A video showing a series of flashes and explosions and shot from The Tower in downtown Fort Worth will be featured Tuesday on the SyFy networks Fact or Faked Paranormal Files television show.
Brian Luenser shot four videos on May 10, 2011, shortly after a thunderstorm passed through Fort Worth, and posted one of them on YouTube, where it quickly went viral. As of early Monday afternoon, it had received 1,336,312 views.
Luenser, a CPA by day who is also a serious amateur photographer and videographer, said he regularly shoots during thunderstorms and on that evening, he was standing on his 34th-floor balcony of The Tower apartment complex.
"That's when I noticed a glow," Luenser said. "I couldn't imagine what it was."
Looking toward the east, he started shooting video "and it just kind of spread from there."
The video shows quick-hitting blue and yellow flashes that went on for at least 20 minutes, he said.
The initial glow Luenser saw had been caused by a lightning strike at a substation in east Fort Worth and it "started sending lightning bolts through lines and melting transformers," he said. "Telephone poles were all ablaze between downtown and Beach Street."
He posted the initial video on YouTube the next day and it "just went everywhere," he said.
Television networks began calling and soon the video was being seen across the world.

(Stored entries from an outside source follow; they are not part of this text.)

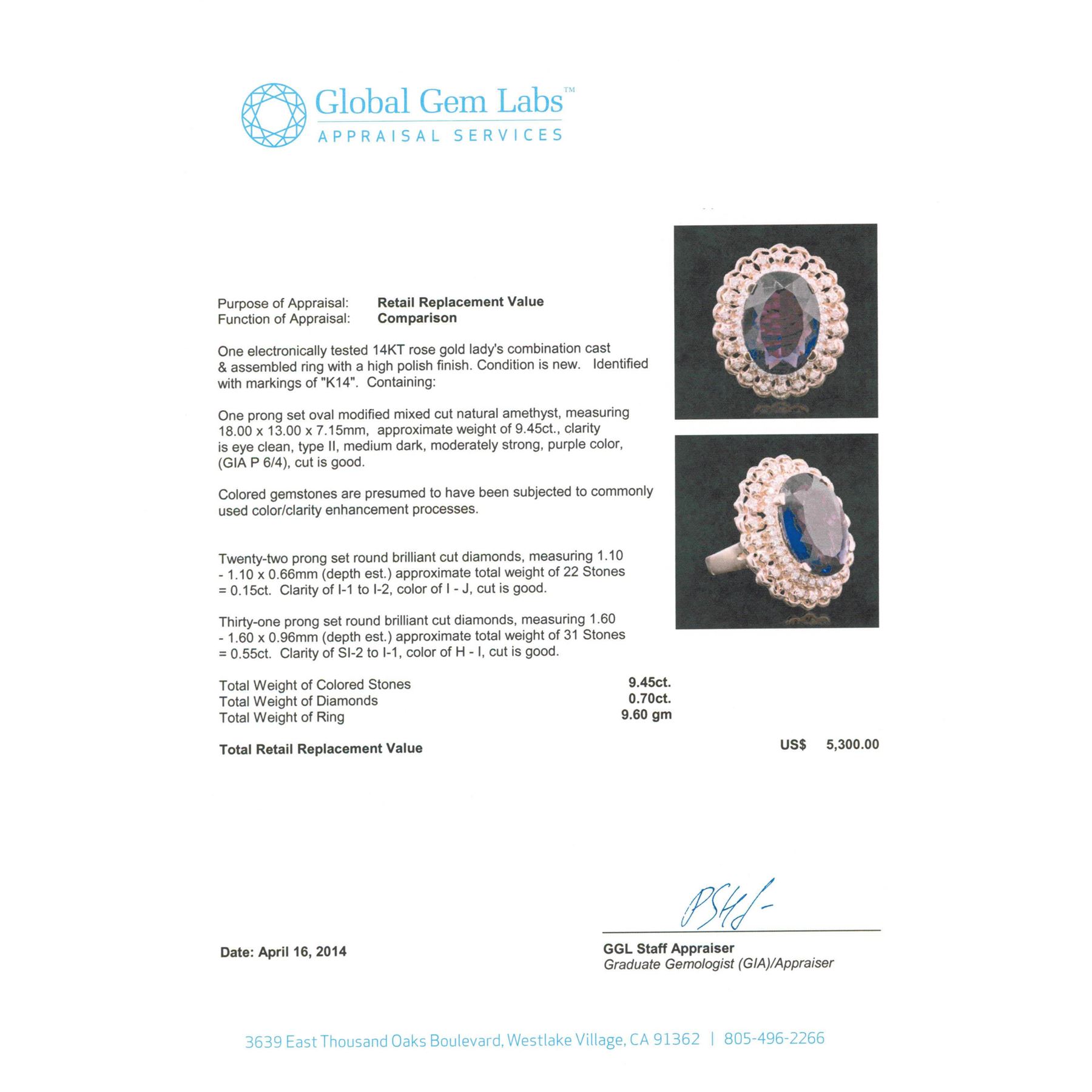 One electronically tested 14KT rose gold Ladies combination cast & assembled ring with a high polish finish. Condition is new. Identified with markings of "K14". Containing: One prong set oval modified mixed cut natural amethyst, measuring 18.00 x 13.00 x 7.15mm, approximate weight of 9.45ct., clarity is eye clean, type II, medium dark, moderately strong, purple color, (GIA P 6/4), cut is good. Colored gemstones are presumed to have been subjected to commonly used color/clarity enhancement processes. Twenty-Two prong set round brilliant cut diamonds, measuring 1.10 - 1.10 x 0.66mm (depth est.) approximate. Total Weight of 22 Stones = 0.15ct. Clarity: I-1 to I-2. Color: I - J, Cut is Good. Thirty-One prong set round brilliant cut diamonds, measuring 1.60 - 1.60 x 0.96mm (depth est.) approximate. Total Weight of 31 Stones = 0.55ct. Clarity: SI-2 to I-1. Color: H - I, Cut is Good. Total Weight of Colored Stones 9.45ct. Total Weight of Diamonds 0.70 ct. Total Weight of Ring 9.60 grams. GGL Appraised.
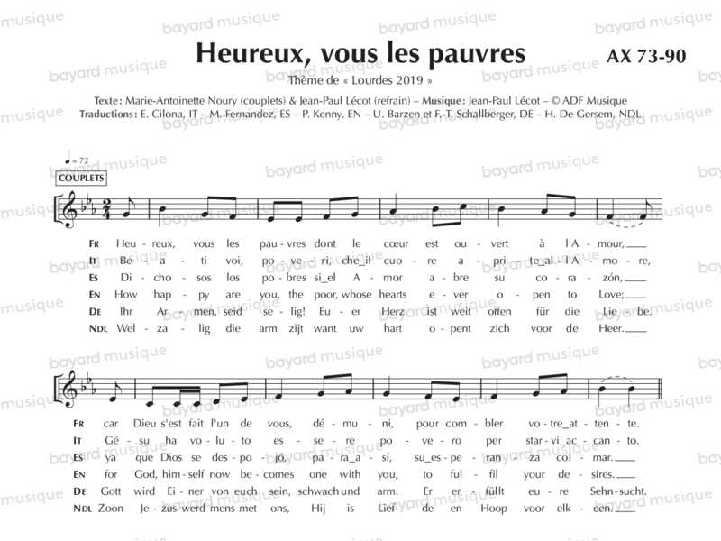 Lourdes : Chants 2019 “Heureux, vous les pauvres“
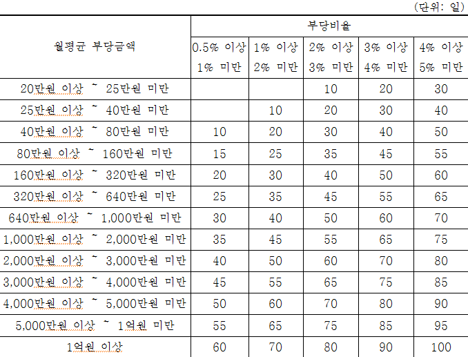 국민건강보험법 시행규칙에서는 다음과 같이 부당금액 및 부당비율에 따른 업무정지처분기준을 마련해 놓고 있습니다.
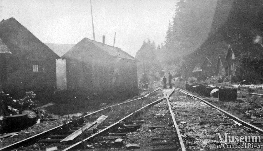Rail line and camp buildings at Elk Bay
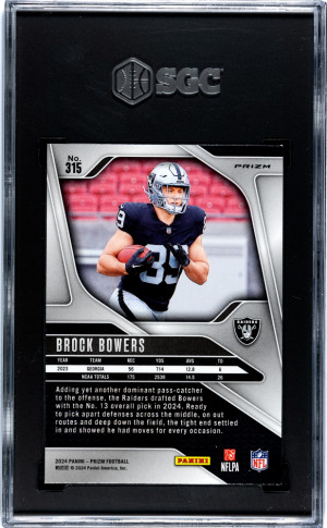 2024 Panini Prizm Brock Bowers #315 Neon Green Pulsar Rookie Raiders SGC 10
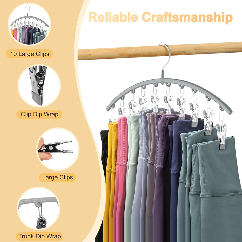 Maximize Closet Space: Our Premium Legging Organizer Hangers are designed to optimize your closet space; they include two-pack hangers; each hanger comes with ten large clips, allowing you to store up to 20 pairs of leggings per hanger, keeping your wardrobe neat and organized.

Luenser said he had the audio turned on but that you couldn't hear the explosions, which led some skeptics to suggest that the video was fake.
Others, he said, took a step into the extraterrestrial world, which got the attention of the SyFy network.
"It's got kind of a UFO following," Luenser said. "They think all of this was caused by UFOs. I don't believe that personally, but that's beside the point."
Oncor spokeswoman Jeamy Molina said the utility company has received many calls about the explosions since last May.
And she confirmed that "as boring as it sounds, it was lightning hitting transformers."
Luenser said the video that will be shown on the TV show is not the one that was put up on YouTube.
"It's actually better because it's high definition," Luenser said, explaining that the one he posted on YouTube was low definition so it would upload quickly.
Two other videos have not been released to the public, he said.
He said one of the strangest things about the video is the audio that accompanies it.
"You could hear birds chirping," he said, apparently because they thought the sun was coming up.